To overcome some of the objections raised by Hofstadter, Enterra adds reasoning engines connected to the world’s largest common sense ontology to the traditional combination of artificial intelligence algorithms, natural language processing, and machine learning. The ontology provides the system with some of the understanding that Hofstadter claims is missing in systems like Watson and Siri. Without this added dimension, learning machines can return some pretty funny (and erroneous) conclusions. Eric Blattberg (@EricBlattberg) reports, for example, “When deep learning startup AlchemyAPI exposed its natural language processing system to the Internet, it determined that dogs are people because of the way folks talked about their pets. That might ring true to some dog owners, but it’s not accurate in a broader context. That hilarious determination reflects the challenges — and opportunities — inherent to machine learning.” [“Cognitive computing is smashing our conception of ‘ground truth’,” Venture Beat, 20 March 2014] Because the ontology knows that dogs aren’t human, a cognitive computing system that utilizes an ontology would never conclude that dogs are human.

 

One of the real services that the Watson system has provided is making the public aware of just how useful cognitive computing systems can be. Such systems are no longer novelties whose primary purpose is to entertain the public. They are providing serious analysis for businesses. Erik Brynjolfsson (@erikbryn) and Andrew McAfee (@amcafee), wrote, “The exponential, digital, and recombinant powers of the second machine age have made it possible for humanity to create two of the most important one-time events in our history: the emergence of real, useful artificial intelligence (AI) and the connection of most of the people on the planet via a common digital network.

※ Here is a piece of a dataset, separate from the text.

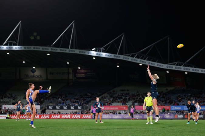 MELBOURNE, AUSTRALIA - SEPTEMBER 25: Lulu Pullar of the Kangaroos celebrates a goal during the 2024 AFLW Round 05 match between the Carlton Blues and the North Melbourne Tasmanian Kangaroos at IKON Park on September 25, 2024 in Melbourne, Australia. (Photo by Dylan Burns/AFL Photos)
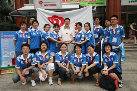 8月7日上午,李朝鮮副校長在團委副書記陶偉的陪同下,慰問了化工學院城市志愿者所在的中央電視塔服務站點和會計學院城市志愿者所在的城鄉貿易中心和翠微大廈服務站點的志愿者。

Either of these advances alone would fundamentally change our growth prospects. When combined, they’re more important than anything since the Industrial Revolution, which forever transformed how physical work was done.” [“The Dawn of the Age of Artificial Intelligence,” The Atlantic, 14 February 2014] If you substitute “cognitive computing” for “artificial intelligence” in that statement, I am in complete agreement.

 

I believe that cognitive computing will take us to the next step in computer analytics; a step that could be labeled Analytics 4.0. If you are interested in reading about the first three steps in computer analytics, I suggest you read Thomas H. Davenport’s excellent article in the Harvard Business Review. [“Analytics 3.0, December 2013] He explains that during the Analytics 1.0 era, “the great majority of business intelligence activity addressed only what had happened in the past; they offered no explanations or predictions.” The Internet, he points out, increased the amount of data being produced dramatically. “As analytics entered the 2.0 phase,” he writes, “the need for powerful new tools — and the opportunity to profit by providing them — quickly became apparent.” He believes that the era of Big Data began in the Analytics 2.0 phase. That phase, however, quickly evolved into the Analytics 3.0 phase in which “every firm in every industry” can benefit from analytics.

 

I believe that the Analytics 4.0 phase will involve cognitive computing. Analytics at that point will go beyond explanations, prescriptions, and predictions to real understanding thanks to the reasoning capabilities of the systems providing the analysis. Accenture’s latest technology vision entitled “From Digitally Disrupted to Digital Disrupter,” calls cognitive computing “the ultimate long-term solution” for most businesses’ analytic requirement. Although cognitive computing systems may still seem like a novelty to some people, visionary business people understand that we are at the dawn of a new age of computing.